DATASET EXCERPT:
####################

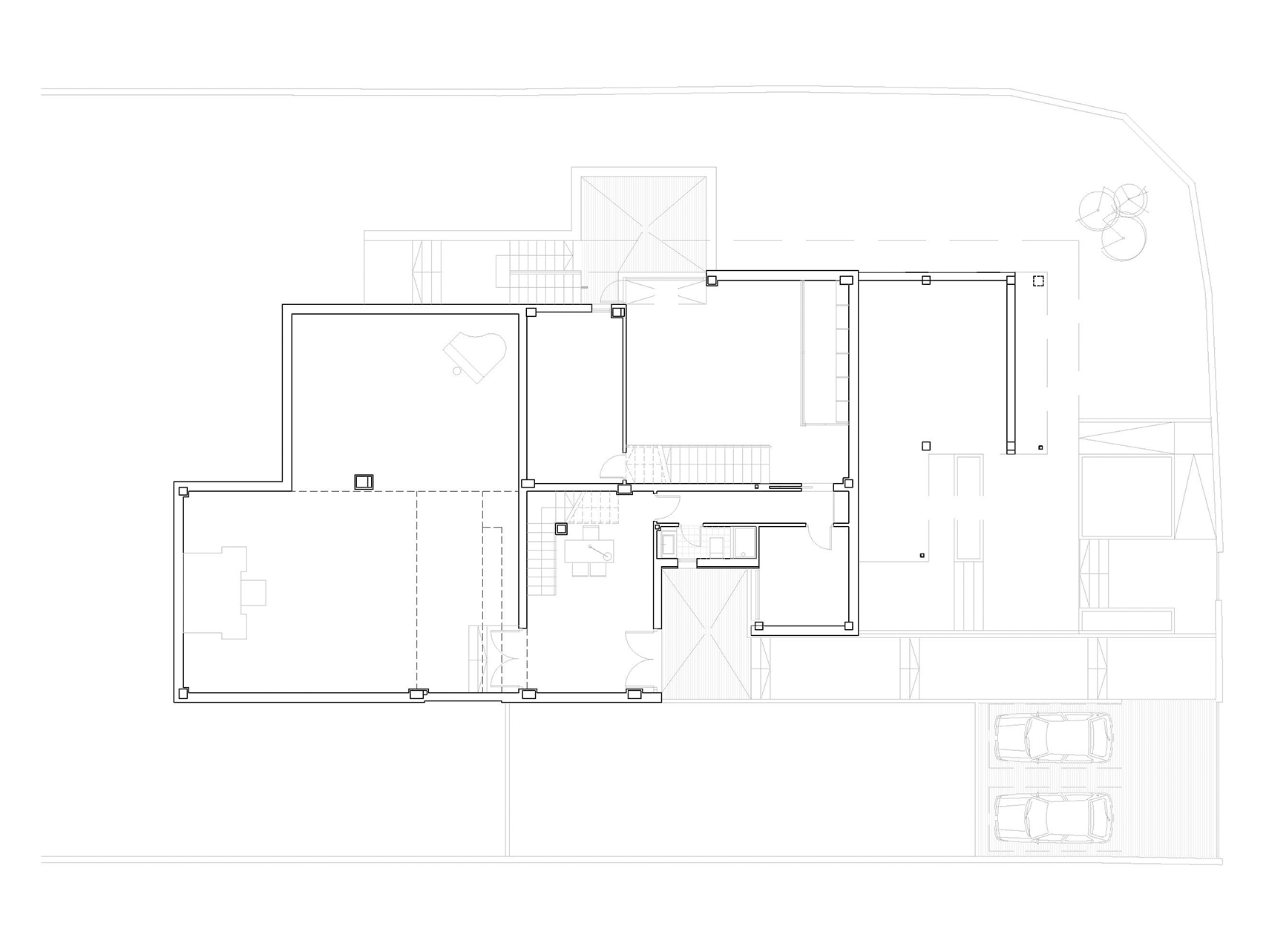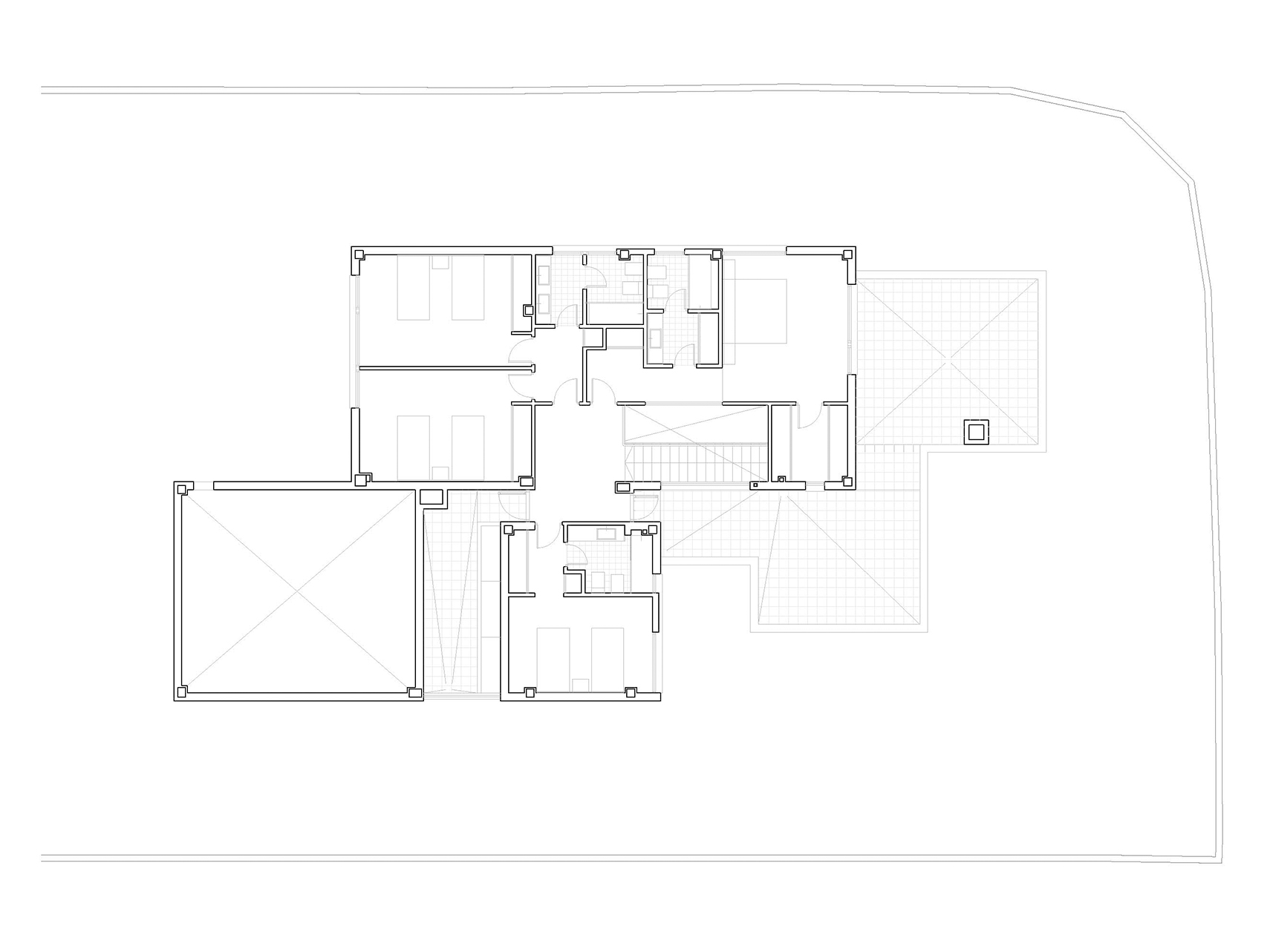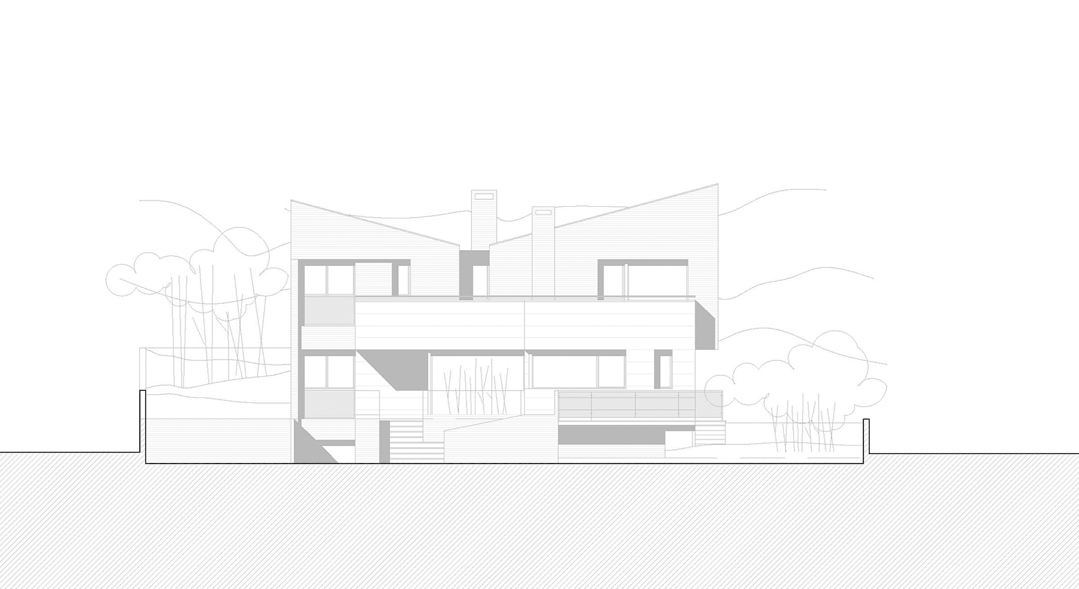 Vivienda ubicada en Boadilla del Monte. Su configuración programática y volumétrica viene definida por la necesidad de ubicar un estudio de grabación que alberga un órgano de 8 metros de altura, profesión del propietario de la vivienda. Este estudio se convierte en un iceberg empotrado en el terreno que deja ver solo una parte mínima del mismo, una parte que sale a respirar y a mirar al mundo. Utilizamos el lenguaje de Breuer, unas cubiertas en alas de mariposa que realmente es lo que dota de personalidad a la volumetría de la edificación. En planta, la vivienda, que quiere caminar, se disloca y avanza, cohesionada por el nexo común del estudio de música.
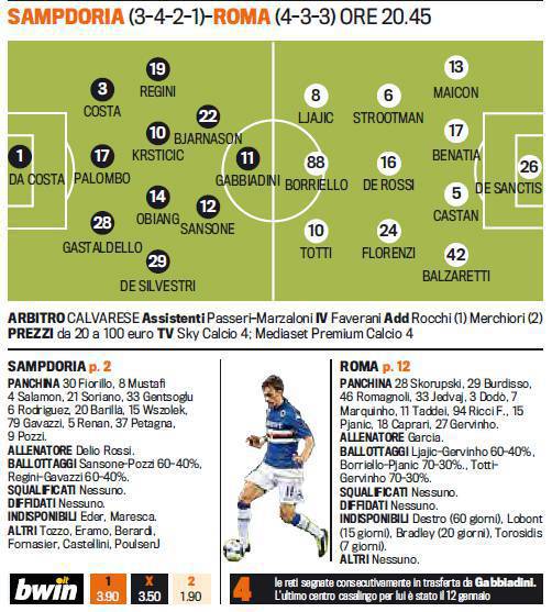 SAMPDORIA ROMA PROBABILI FORMAZIONI DELIO ROSSI MODULO GARCIA BORRIELLO – La Sampdoria di Delio Rossi dovrà cercare di vincere il match contro la Roma per ritrovare un po’ di serenità. La Roma però viaggia a mille è a punteggio pieno, per questo Rudi Garcia vuole continuare in questo modo. Nella Roma possibile turnover, in attacco pronto Borriello con Totti sulla sinistra e Ljajic sulla destra. A centrocampo Florenzi al posto di Pjanic. Nella Sampdoria invece previsto un cambio modulo con la difesa a tre, centrocampo a quattro e due dietro l’unica punta Gabbiadini. Probabili formazioni secondo la Gazzetta dello Sport.
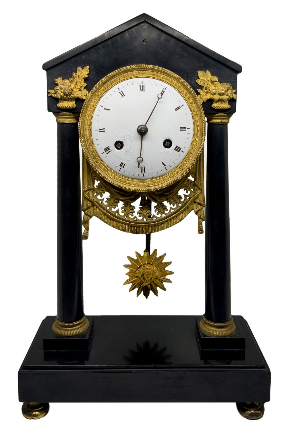 Orologio a pendolo da tavolo, Impero, primi XIX secolo. In marmo nero belga, con pendolo a filo. Da revisionare, salti di smalto nel quadrante.
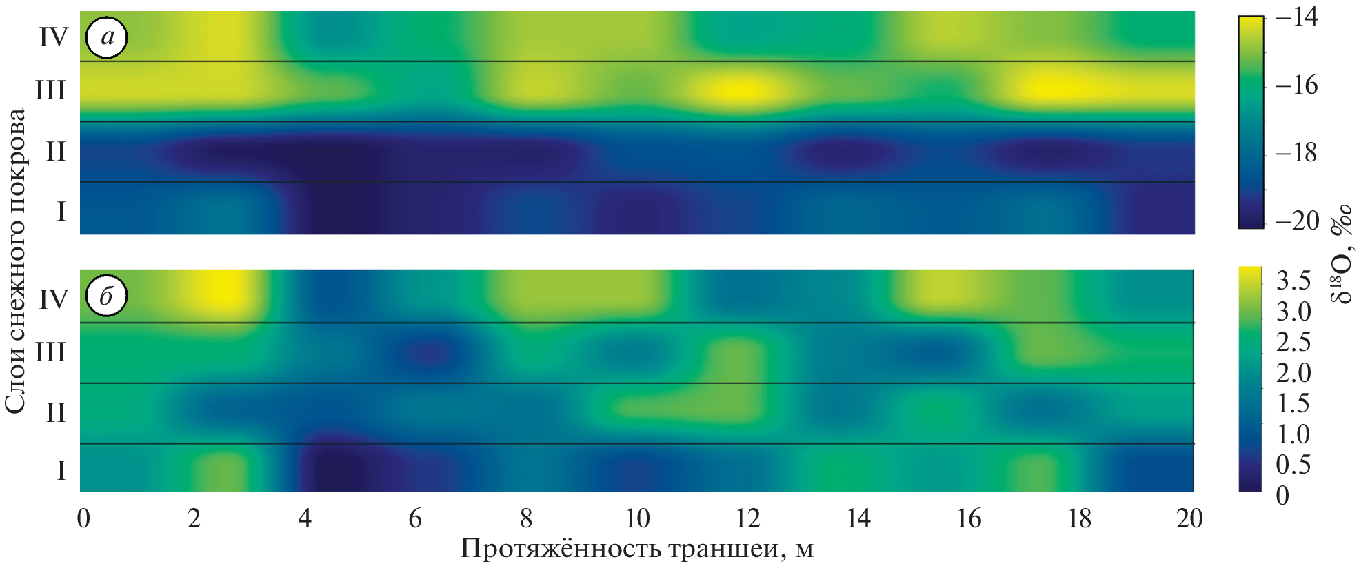 The isotopic composition (δ18O values) of snow layers, constructing snow cover to the time of reaching maximum snow water equivalent (SWE), was compared with the isotopic content of snow precipitated over the whole the winter season 2018/19 on the territory of the Meteorological Observatory of the Lomonosov Moscow State University (Moscow, Russia). Snow-sampling was carried out in a trench 20 m long simultaneously with detailed measurements of spatial variability of the structural characteristics of snow depth. Sampling was conducted for each precipitation event over the winter season, with the amount of precipitation also documented. It was found that the spatially-distributed enrichment with heavy oxygen isotopes along the trench fell within the range of 0–3.5‰, with average values for the four main formed snow layers changing from 1.3 to 2.5‰. The enrichment was not much dependent on the age of snow layer in the snowpack, and it was even more pronounced in the upper layers. This suggests that the post-precipitated change in the isotopic composition of snow cover for the conditions of the investigated site mainly took place when the snow was exposed to the atmosphere (due to sublimation and evaporation), while the processes of dry and wet metamorphism were either less important or even led to leveling the effects of isotopic fractionation. A positive correlation was found between the isotope composition of snow and the spatially varying snow density in each layer. This is most probably related to involvement of wind influence into the snow accumulation resulting in more dense snow. The spatial variability of the isotope composition of snow in each layer was smaller than changes in snow density and snow water equivalent.

####################

TASK GOAL:
Only the pictures are to be dropped; return everything else in the listing exactly.

WRITTEN RESPONSE:
 Vivienda ubicada en Boadilla del Monte. Su configuración programática y volumétrica viene definida por la necesidad de ubicar un estudio de grabación que alberga un órgano de 8 metros de altura, profesión del propietario de la vivienda. Este estudio se convierte en un iceberg empotrado en el terreno que deja ver solo una parte mínima del mismo, una parte que sale a respirar y a mirar al mundo. Utilizamos el lenguaje de Breuer, unas cubiertas en alas de mariposa que realmente es lo que dota de personalidad a la volumetría de la edificación. En planta, la vivienda, que quiere caminar, se disloca y avanza, cohesionada por el nexo común del estudio de música.
 SAMPDORIA ROMA PROBABILI FORMAZIONI DELIO ROSSI MODULO GARCIA BORRIELLO – La Sampdoria di Delio Rossi dovrà cercare di vincere il match contro la Roma per ritrovare un po’ di serenità. La Roma però viaggia a mille è a punteggio pieno, per questo Rudi Garcia vuole continuare in questo modo. Nella Roma possibile turnover, in attacco pronto Borriello con Totti sulla sinistra e Ljajic sulla destra. A centrocampo Florenzi al posto di Pjanic. Nella Sampdoria invece previsto un cambio modulo con la difesa a tre, centrocampo a quattro e due dietro l’unica punta Gabbiadini. Probabili formazioni secondo la Gazzetta dello Sport.
 Orologio a pendolo da tavolo, Impero, primi XIX secolo. In marmo nero belga, con pendolo a filo. Da revisionare, salti di smalto nel quadrante.
 The isotopic composition (δ18O values) of snow layers, constructing snow cover to the time of reaching maximum snow water equivalent (SWE), was compared with the isotopic content of snow precipitated over the whole the winter season 2018/19 on the territory of the Meteorological Observatory of the Lomonosov Moscow State University (Moscow, Russia). Snow-sampling was carried out in a trench 20 m long simultaneously with detailed measurements of spatial variability of the structural characteristics of snow depth. Sampling was conducted for each precipitation event over the winter season, with the amount of precipitation also documented. It was found that the spatially-distributed enrichment with heavy oxygen isotopes along the trench fell within the range of 0–3.5‰, with average values for the four main formed snow layers changing from 1.3 to 2.5‰. The enrichment was not much dependent on the age of snow layer in the snowpack, and it was even more pronounced in the upper layers. This suggests that the post-precipitated change in the isotopic composition of snow cover for the conditions of the investigated site mainly took place when the snow was exposed to the atmosphere (due to sublimation and evaporation), while the processes of dry and wet metamorphism were either less important or even led to leveling the effects of isotopic fractionation. A positive correlation was found between the isotope composition of snow and the spatially varying snow density in each layer. This is most probably related to involvement of wind influence into the snow accumulation resulting in more dense snow. The spatial variability of the isotope composition of snow in each layer was smaller than changes in snow density and snow water equivalent.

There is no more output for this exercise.